A function is decidable if there is a Turing Machine that computes the function in a finite amount of time (i.e., the Turing Machine halts). Instead of talking about Turing Machines, though, let's use functions instead, because to me they're a little easier to think about, but otherwise exactly the same.

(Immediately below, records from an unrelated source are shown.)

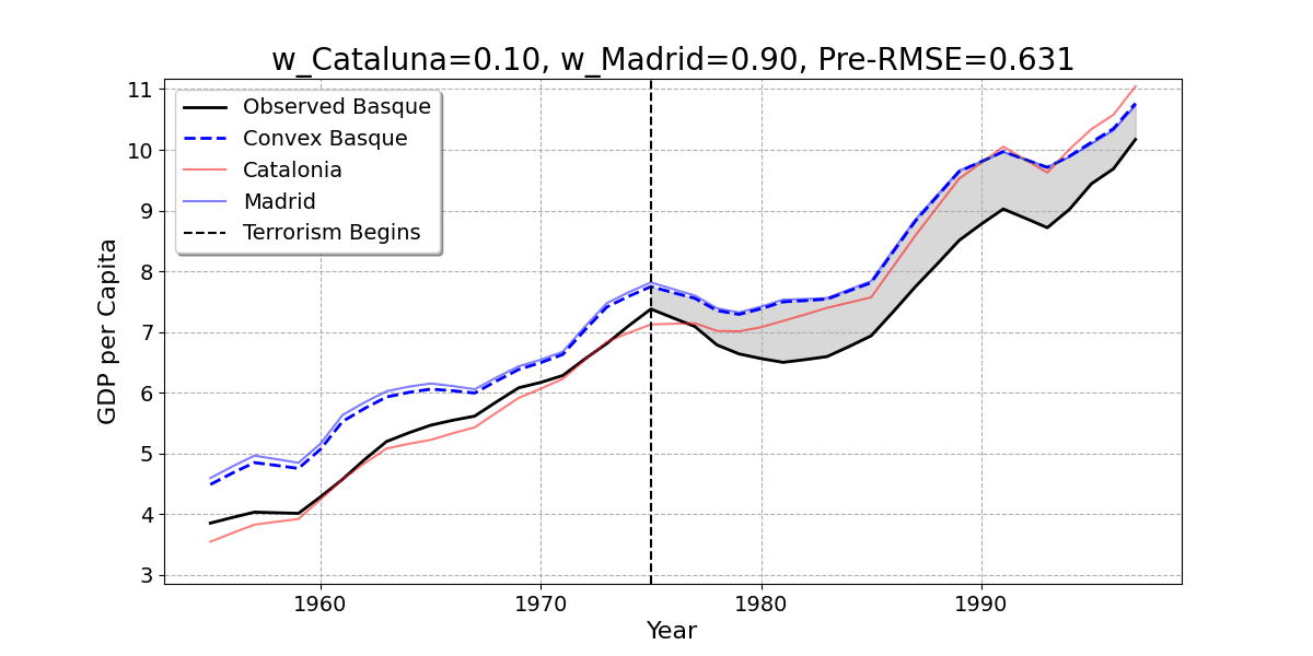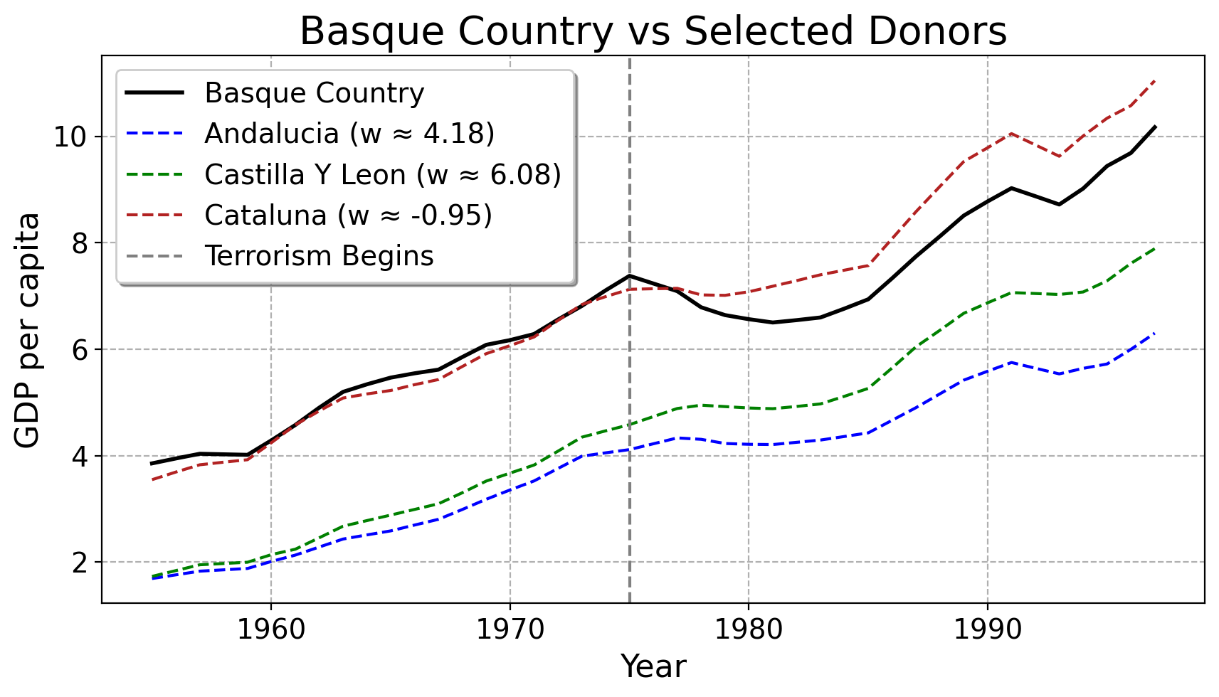 We want to combine the donor regions to best match the treated unit before the intervention. By requiring all weights to be nonnegative and sum to 1, the synthetic Basque is a weighted average that stays inside the range of the donors—it can’t “overshoot” or assign negative importance to any region.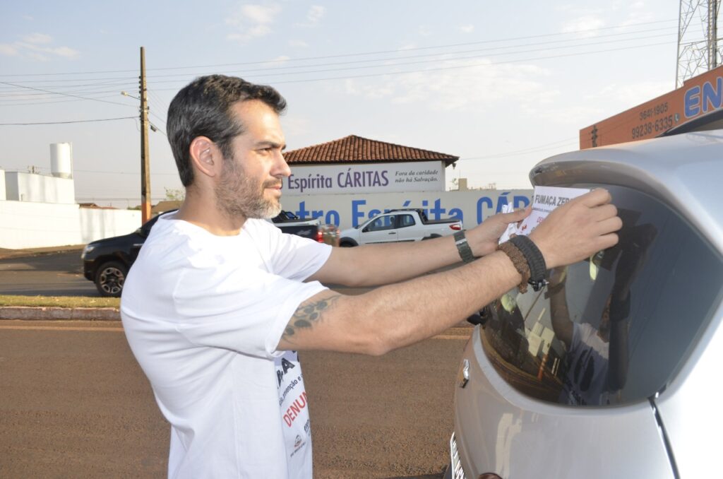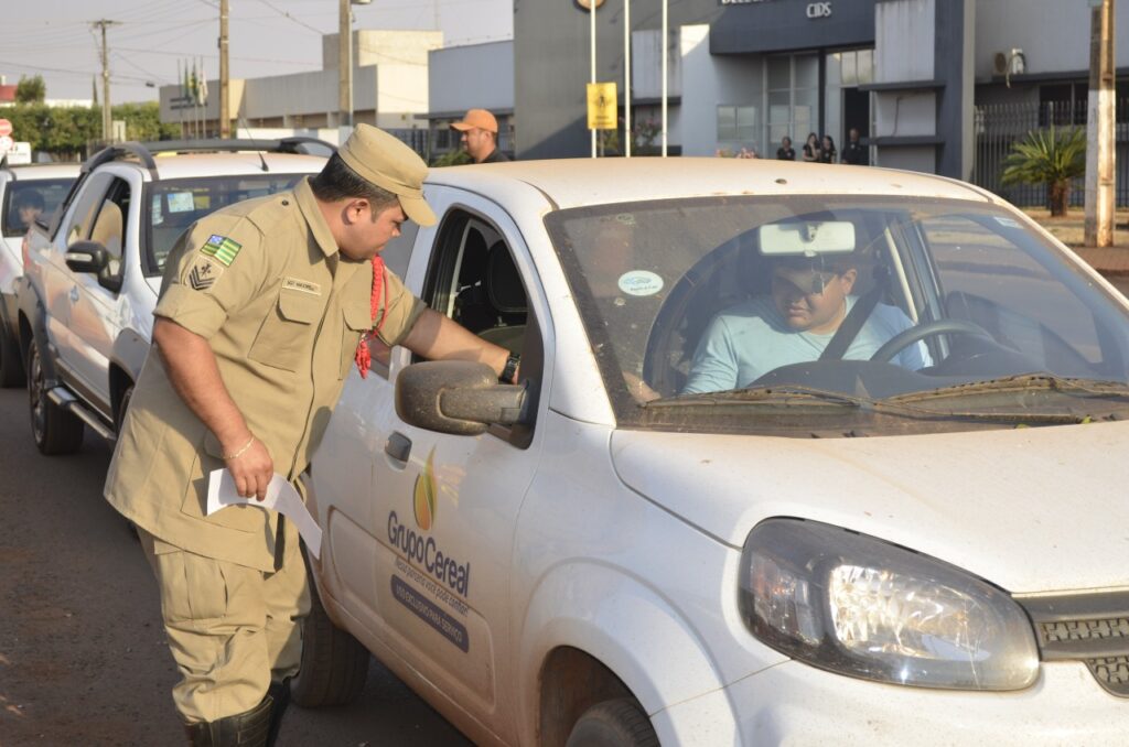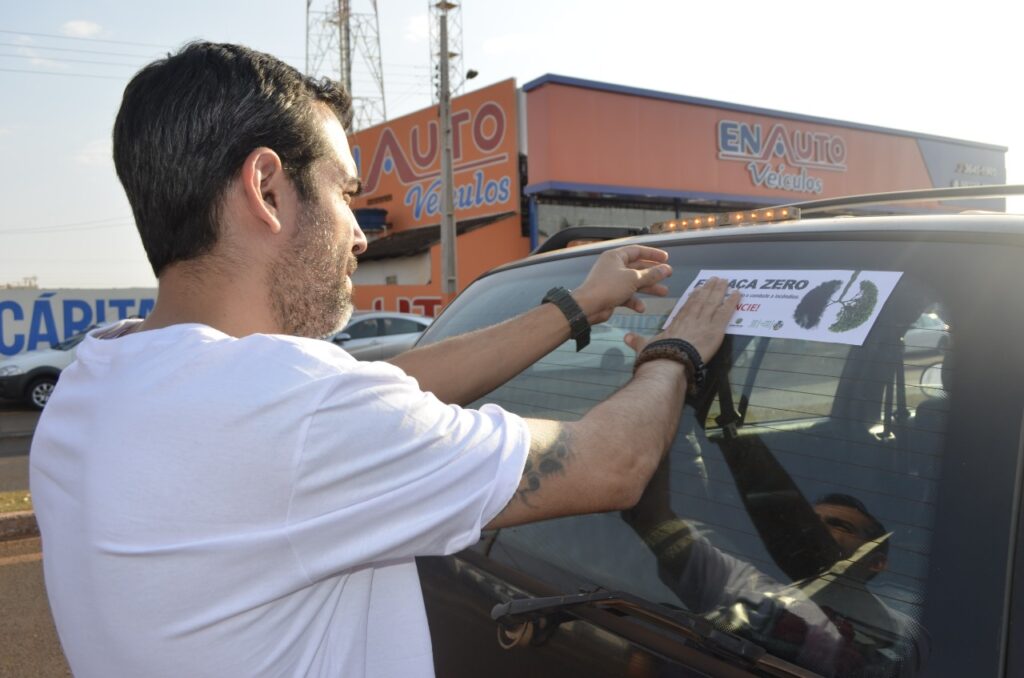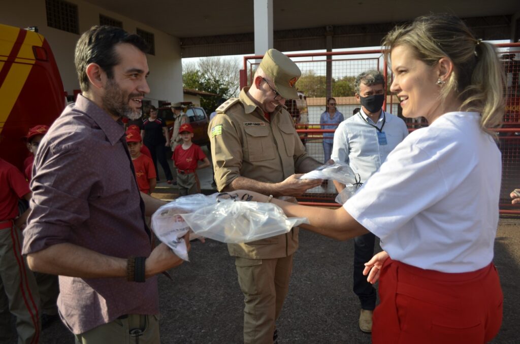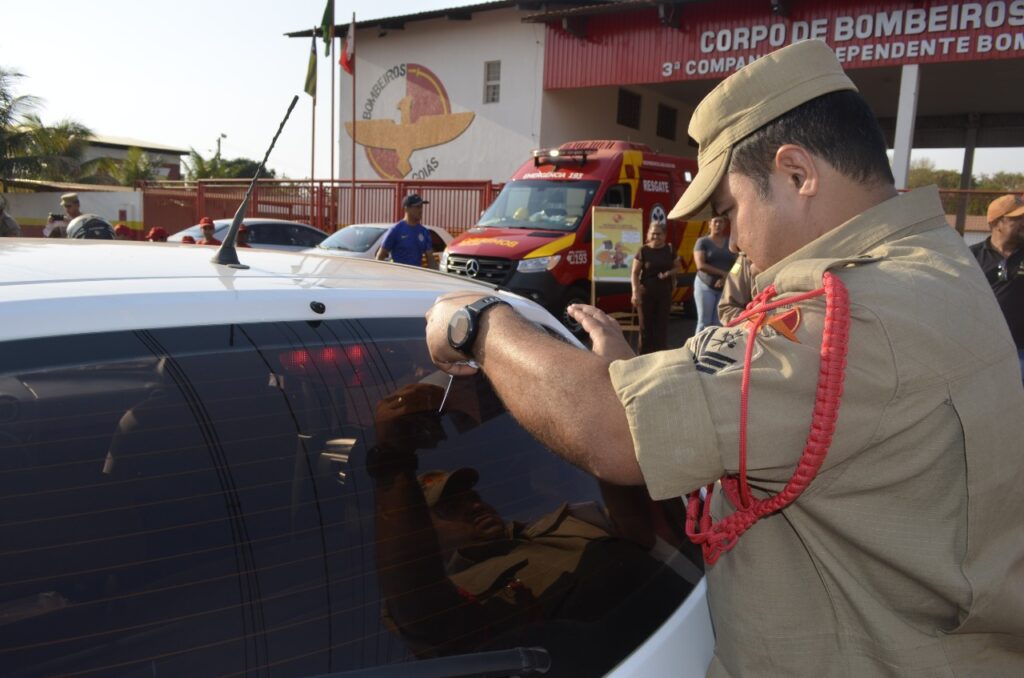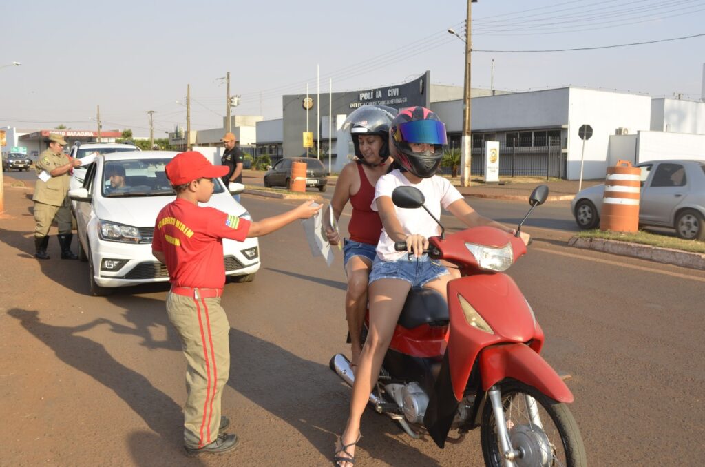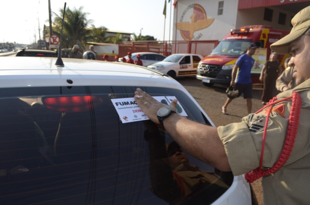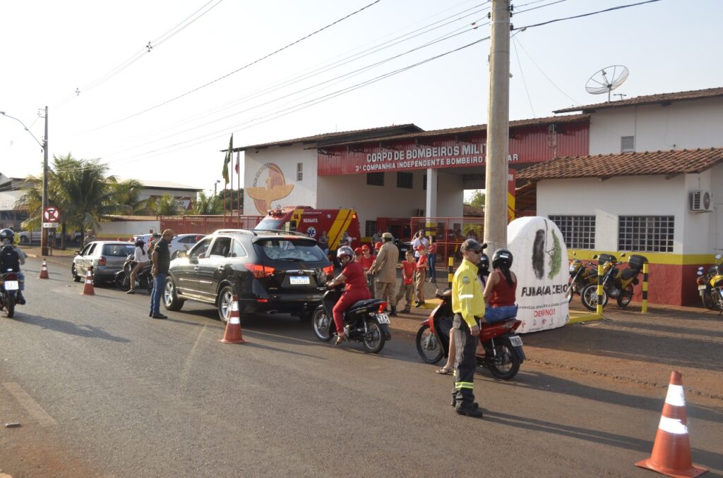 Os alunos do Projeto Bombeiro Mirim, sobre a instrução do seu comandante, distribuíram adesivos e panfleto de conscientização aos veículos que passaram em frente ao Quartel do Bombeiro Militar de Santa Helena, o intuito principal dessa ação é mostrar para a população que cada cidadão por fazer sua parte não colocando foto e principalmente denunciando através dos números 127 ou 64 99979-0701.
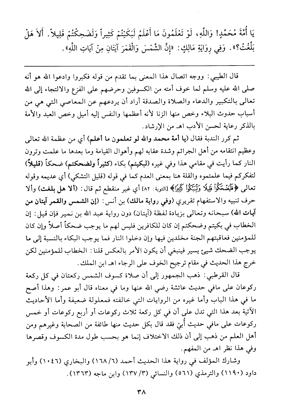 يَا أُمَّةَ مُحَمَّدٍ! وَاللَّهِ, لَوْ تَعْلَمُونَ مَا أَعْلَمُ لَبَكَيتُمْ كَثِيرًا وَلَضَحِكْتُمْ قَلِيلًا. أَلا هَلْ بَلَّغْتُ؟ ". وَفِي رِوَايَةِ مَالِكٍ: إِنَّ الشَّمْسَ وَالْقَمَرَ آيَتَانِ مِنْ آيَاتِ اللَّهِ"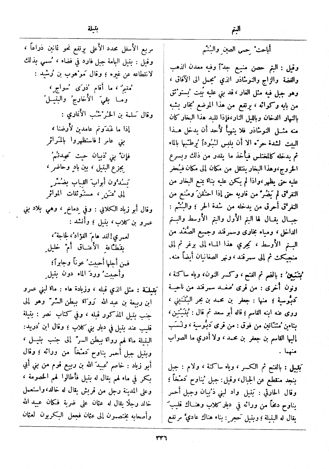 وقيل: البتم حصن منيع جدّا وفيه معدن الذهب والفضة والزاج والنوشاذر الذي يحمل الى الآفاق، وهو جبل فيه مثل الغار، قد بني عليه بيت يستوثق من بابه وكوائه، يرتفع من هذا الموضع بخار يشبه بالنهار الدخان وبالليل النار، فإذا تلبد هذا البخار كان منه مثل النوشاذر فلا يتهيأ لأحد أن يدخل هذا البيت لشدة حرّه الا أن يلبس لبودا يرطّبها بالماء ثم يدخله كالمختلس فيأخذ ما يقدر من ذلك ويسرع الخروج، وهذا البخار ينتقل من مكان إلى مكان فيحفر عليه حتى يظهر، وإذا لم يكن عليه بناء يمنع البخار من التفرّق لم يضرّ من قاربه حتى إذا احتقن ومنع من التفرّق أحرق من يدخله من شدة الحر، والبتّم: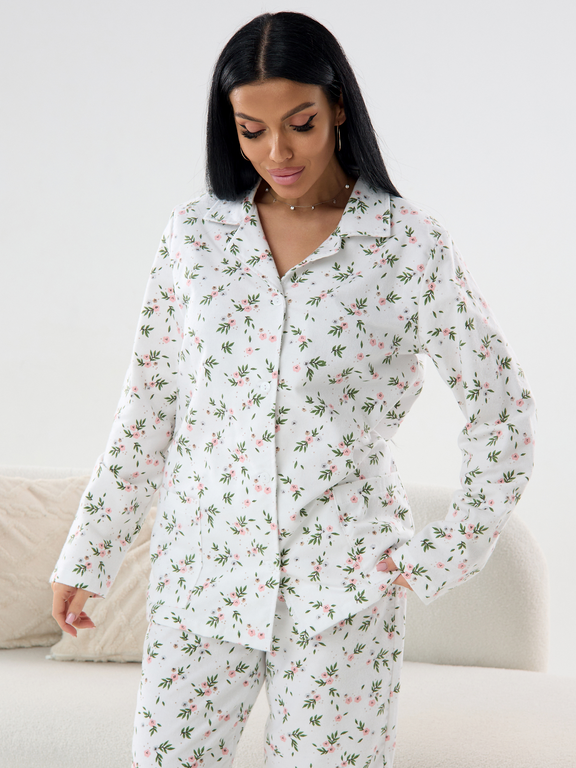 Женская фланелевая пижама с брюками. Этот прекрасный набор из приятного на ощупь хлопка станет идеальным спутником в холодные дни. С начесом и длинным рукавом, он согреет вас и обеспечит невероятный комфорт на протяжении всей ночи.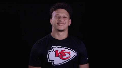 A man wearing a black t-shirt with the Kansas City Chiefs logo smiles, showing team pride.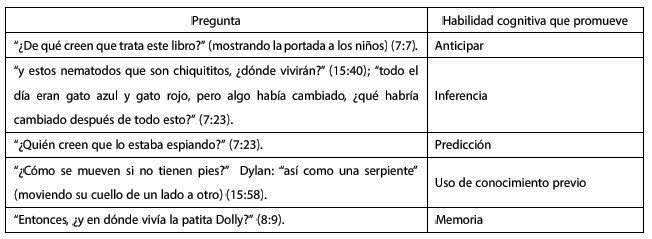 Formular preguntas abiertas fue otra de las estrategias que contribuyó al aprendizaje de la lectura, específicamente al desarrollo de habilidades cognitivas y lingüísticas en los niños. Entre las cognitivas se encuentran: la anticipación, la inferencia, la predicción, el uso de conocimiento previo y la memoria, todas ellas funciones mentales que, de acuerdo con Cassany (2006), posibilitan la comprensión de los textos y la construcción del significado de la lectura.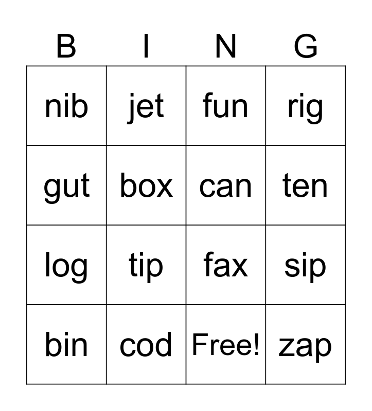 This bingo card has 17 words: Free!, bin, fun, nib, tip, rig, sip, can, ten, box, cod, fax, gut, jet, log, set and zap.

I'll use ML syntax here.

In particular, we would like to find a function

```fun H f x = true iff f:int->int halts on input x:int
```
But consider a function
```fun diag x = if (H diag x) then loop() else true
```
where
```fun loop () = loop ()
```
So then
```(H diag x = true) only if ((diag x) halts)
```
But (diag x) halts exactly when (H diag x) evaluates to false, which is a contradiction. Thus no such function H can exist.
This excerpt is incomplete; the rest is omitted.